Talking about the Indian Subcontinent, the prime beneficiary to this event is the Government of India which can meet its fiscal deficit targets comfortably. Since diesel subsidies form a major portion of the government’s annual budget, reduction in oil prices will cut down expenditures. Taking advantage of lower oil prices, the Government has proactively deregulated diesel prices. Although this decision was long pending, we need to see if this deregulation continues with increase in oil prices too. Another benefit would be the decline in inflation which has been the main agenda of the NDA during the general elections.
With expected cut down in fiscal expenditure pertaining to subsidies, there is a good opportunity for the Government to invest into infrastructure projects which are long starving for funds. Lower fiscal deficit and softer diesel prices will help RBI in achieving its inflation targets. This would allow it to back the Government on reforms and investment by cutting interest rates.
Though these are highly positive developments for the economy, the Government has to address numerous other agendas. The Centre has not yet sent out a clear message or guidelines for FDI in retail and exports. The Centre has only started to articulate its vision of manufacturing in India and easing the regulatory and legal policy for businesses. Also, the state level complacency and disagreement on implementation of many such reforms are big hurdles which will dampen the effort taken at the centre.

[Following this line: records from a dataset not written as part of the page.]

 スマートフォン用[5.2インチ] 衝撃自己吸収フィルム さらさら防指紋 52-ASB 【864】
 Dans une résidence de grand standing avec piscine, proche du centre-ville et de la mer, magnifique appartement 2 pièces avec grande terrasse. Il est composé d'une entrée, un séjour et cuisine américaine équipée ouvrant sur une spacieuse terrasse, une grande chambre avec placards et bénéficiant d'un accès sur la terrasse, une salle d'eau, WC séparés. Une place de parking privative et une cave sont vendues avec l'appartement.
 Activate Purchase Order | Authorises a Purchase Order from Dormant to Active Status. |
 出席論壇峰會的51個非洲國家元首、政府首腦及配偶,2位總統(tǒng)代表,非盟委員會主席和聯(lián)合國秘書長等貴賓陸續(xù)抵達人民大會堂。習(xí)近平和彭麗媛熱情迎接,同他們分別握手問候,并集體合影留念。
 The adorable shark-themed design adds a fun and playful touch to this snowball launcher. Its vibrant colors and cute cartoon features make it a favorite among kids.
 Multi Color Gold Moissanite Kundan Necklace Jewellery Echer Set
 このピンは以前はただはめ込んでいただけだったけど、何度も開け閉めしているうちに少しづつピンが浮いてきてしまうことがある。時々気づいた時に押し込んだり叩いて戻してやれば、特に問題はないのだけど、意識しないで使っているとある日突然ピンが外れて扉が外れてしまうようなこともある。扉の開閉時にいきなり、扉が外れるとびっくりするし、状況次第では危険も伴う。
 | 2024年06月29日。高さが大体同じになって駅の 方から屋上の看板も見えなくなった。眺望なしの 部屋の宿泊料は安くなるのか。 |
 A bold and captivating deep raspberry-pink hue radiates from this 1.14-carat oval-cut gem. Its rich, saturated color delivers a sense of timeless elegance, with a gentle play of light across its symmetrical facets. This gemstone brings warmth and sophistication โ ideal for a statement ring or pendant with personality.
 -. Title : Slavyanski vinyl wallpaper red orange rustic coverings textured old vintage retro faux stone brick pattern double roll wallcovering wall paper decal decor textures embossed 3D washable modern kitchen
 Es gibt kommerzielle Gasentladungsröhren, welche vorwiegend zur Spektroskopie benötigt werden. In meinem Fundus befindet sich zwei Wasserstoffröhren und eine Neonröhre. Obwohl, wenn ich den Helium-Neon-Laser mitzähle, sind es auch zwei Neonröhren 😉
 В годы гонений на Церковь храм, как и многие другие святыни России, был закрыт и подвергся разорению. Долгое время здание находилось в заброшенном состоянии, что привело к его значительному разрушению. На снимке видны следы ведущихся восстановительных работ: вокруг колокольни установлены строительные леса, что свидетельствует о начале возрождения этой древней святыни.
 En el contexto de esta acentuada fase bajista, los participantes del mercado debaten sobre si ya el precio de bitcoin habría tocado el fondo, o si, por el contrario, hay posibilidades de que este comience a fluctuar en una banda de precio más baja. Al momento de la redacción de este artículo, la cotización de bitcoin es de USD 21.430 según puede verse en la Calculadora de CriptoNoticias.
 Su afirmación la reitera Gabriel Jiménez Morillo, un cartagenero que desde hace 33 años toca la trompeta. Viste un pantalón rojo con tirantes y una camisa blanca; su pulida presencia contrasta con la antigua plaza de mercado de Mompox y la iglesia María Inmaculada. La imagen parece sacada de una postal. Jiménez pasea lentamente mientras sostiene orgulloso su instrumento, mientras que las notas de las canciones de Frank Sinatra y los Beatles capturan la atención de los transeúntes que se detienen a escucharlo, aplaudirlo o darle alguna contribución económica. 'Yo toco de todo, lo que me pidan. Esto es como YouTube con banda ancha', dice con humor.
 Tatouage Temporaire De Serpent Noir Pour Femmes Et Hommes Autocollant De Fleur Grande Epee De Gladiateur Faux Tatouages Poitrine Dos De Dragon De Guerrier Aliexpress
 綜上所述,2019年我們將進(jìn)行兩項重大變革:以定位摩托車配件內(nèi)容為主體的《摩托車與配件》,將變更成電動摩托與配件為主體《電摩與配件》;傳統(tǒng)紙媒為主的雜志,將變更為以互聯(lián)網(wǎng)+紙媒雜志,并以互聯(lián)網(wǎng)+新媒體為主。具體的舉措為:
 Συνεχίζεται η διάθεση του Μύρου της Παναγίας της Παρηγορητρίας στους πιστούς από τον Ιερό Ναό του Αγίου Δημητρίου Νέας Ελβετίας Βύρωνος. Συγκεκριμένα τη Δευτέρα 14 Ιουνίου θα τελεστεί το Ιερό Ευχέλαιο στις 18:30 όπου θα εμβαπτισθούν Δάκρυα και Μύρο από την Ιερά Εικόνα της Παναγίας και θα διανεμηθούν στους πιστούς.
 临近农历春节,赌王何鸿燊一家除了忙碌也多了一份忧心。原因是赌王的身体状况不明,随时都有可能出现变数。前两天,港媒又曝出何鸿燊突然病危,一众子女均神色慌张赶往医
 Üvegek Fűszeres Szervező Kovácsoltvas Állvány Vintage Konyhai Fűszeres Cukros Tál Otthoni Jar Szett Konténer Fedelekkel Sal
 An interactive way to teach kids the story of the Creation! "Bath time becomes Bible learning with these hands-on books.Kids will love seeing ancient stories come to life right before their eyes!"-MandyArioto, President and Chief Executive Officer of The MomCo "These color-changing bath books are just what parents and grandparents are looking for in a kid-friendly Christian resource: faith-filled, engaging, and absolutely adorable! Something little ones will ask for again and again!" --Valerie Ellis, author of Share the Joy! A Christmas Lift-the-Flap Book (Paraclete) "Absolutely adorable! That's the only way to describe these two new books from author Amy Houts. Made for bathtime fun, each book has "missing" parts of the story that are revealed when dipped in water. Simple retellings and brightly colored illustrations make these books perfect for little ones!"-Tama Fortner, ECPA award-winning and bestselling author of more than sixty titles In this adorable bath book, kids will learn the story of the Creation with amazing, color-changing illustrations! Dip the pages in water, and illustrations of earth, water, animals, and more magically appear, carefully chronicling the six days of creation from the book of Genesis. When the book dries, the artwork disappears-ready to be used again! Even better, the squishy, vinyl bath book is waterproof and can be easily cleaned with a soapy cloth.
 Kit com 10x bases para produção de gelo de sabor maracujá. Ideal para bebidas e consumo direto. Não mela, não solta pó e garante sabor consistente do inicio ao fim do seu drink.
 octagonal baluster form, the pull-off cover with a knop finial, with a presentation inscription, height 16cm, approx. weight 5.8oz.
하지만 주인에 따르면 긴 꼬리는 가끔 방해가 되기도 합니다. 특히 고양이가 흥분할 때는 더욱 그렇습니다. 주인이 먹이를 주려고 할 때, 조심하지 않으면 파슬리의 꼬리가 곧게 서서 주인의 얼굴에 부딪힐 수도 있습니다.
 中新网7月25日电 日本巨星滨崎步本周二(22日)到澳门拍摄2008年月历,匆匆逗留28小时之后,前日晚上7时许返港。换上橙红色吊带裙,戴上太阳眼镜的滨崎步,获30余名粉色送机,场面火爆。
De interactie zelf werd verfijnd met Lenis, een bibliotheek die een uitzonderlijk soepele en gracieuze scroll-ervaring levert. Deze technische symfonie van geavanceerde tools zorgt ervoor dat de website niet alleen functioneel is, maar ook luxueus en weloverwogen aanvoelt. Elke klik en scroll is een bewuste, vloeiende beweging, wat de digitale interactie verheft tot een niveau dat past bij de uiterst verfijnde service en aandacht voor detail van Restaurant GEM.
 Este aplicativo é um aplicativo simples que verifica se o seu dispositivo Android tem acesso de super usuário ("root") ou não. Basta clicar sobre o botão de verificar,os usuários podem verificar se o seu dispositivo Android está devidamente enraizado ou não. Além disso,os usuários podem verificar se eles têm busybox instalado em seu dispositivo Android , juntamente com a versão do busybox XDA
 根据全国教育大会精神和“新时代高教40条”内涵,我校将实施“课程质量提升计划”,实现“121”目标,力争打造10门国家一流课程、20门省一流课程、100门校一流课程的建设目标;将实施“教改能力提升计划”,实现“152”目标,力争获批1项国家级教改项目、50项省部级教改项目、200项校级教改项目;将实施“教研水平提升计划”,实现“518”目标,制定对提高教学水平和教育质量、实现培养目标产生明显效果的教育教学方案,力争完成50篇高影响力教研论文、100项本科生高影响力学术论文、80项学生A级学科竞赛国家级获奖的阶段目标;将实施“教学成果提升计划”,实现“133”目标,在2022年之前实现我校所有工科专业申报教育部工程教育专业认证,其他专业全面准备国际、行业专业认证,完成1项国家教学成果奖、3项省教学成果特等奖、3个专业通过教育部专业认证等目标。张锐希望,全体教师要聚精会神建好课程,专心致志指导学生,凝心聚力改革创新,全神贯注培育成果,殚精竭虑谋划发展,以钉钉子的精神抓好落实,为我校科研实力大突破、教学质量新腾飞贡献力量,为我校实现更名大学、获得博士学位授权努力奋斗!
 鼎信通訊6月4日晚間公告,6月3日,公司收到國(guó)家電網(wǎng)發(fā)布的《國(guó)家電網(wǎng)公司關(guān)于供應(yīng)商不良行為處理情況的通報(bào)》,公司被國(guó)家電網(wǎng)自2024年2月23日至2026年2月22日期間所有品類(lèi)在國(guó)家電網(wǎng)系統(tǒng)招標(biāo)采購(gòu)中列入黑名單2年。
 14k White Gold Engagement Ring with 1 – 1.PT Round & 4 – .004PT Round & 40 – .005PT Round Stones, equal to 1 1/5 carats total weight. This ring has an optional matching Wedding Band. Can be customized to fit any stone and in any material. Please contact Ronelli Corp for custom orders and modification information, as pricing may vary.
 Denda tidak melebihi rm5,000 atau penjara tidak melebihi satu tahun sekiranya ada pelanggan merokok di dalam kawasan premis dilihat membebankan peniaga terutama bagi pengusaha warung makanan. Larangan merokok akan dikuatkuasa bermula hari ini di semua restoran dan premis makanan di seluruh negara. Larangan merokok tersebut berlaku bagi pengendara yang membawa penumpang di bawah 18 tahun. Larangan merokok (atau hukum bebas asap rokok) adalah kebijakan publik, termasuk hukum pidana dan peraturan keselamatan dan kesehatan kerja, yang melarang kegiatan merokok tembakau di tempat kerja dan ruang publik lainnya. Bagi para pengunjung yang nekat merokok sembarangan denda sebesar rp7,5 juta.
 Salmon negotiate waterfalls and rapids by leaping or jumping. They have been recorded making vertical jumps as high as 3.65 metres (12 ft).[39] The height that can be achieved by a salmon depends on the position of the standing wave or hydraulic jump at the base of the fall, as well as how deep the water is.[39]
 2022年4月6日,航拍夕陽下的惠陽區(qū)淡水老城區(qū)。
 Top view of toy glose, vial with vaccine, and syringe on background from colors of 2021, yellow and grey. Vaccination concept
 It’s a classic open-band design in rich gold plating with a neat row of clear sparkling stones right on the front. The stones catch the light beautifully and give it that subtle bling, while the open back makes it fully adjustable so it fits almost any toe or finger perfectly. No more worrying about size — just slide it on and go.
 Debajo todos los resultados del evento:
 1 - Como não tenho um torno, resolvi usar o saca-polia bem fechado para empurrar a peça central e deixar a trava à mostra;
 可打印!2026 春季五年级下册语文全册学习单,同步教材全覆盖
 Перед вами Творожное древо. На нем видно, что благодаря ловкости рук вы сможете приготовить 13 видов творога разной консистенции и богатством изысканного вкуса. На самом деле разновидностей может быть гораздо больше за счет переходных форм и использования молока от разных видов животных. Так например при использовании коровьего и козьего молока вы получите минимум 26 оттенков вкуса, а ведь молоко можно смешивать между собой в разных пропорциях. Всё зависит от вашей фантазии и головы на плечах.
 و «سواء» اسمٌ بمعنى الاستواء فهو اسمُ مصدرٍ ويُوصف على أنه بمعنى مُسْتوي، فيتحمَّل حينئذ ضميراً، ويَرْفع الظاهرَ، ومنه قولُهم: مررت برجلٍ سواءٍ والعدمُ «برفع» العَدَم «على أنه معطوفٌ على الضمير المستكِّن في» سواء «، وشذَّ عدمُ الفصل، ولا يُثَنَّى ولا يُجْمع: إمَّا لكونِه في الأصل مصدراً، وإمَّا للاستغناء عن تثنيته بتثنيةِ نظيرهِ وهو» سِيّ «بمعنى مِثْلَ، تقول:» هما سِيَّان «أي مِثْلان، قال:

Looking at the current fundamentals, we just see the locus of high inflation shifting from higher fuel prices to supply bottlenecks and slow moving reforms. We expect inflation to remain at moderate to high levels till the implementation of reforms improves macro fundamentals.
While few domestic industries are welcoming lower oil prices, the export-oriented industries are seeing this event as a caution. If the decline in oil prices is due to slowdown in the global economy, we think exporters will have a tough time selling their products abroad. Even if exports do not contribute majorly to the government’s revenues, their contribution in foreign funds is significant, which is needed to keep current account deficit in check. Even a minor outflow of foreign exchange will depreciate rupee, which may impact private investment in infrastructure and manufacturing.
However, this wouldn’t be a major worry if the decline in oil prices is due to excess supply or due to shift of the consumption to other energy resources or disagreement within the OPEC. Only time will tell the likely reason for decline in oil prices. For details you can also read this Bloomberg article on ‘Why Oil Prices Went Down So Far So Fast’
The Government has ample of time in hand to encourage investments in the economy. This will not only attract foreign investment but will also lead to higher GDP growth rate.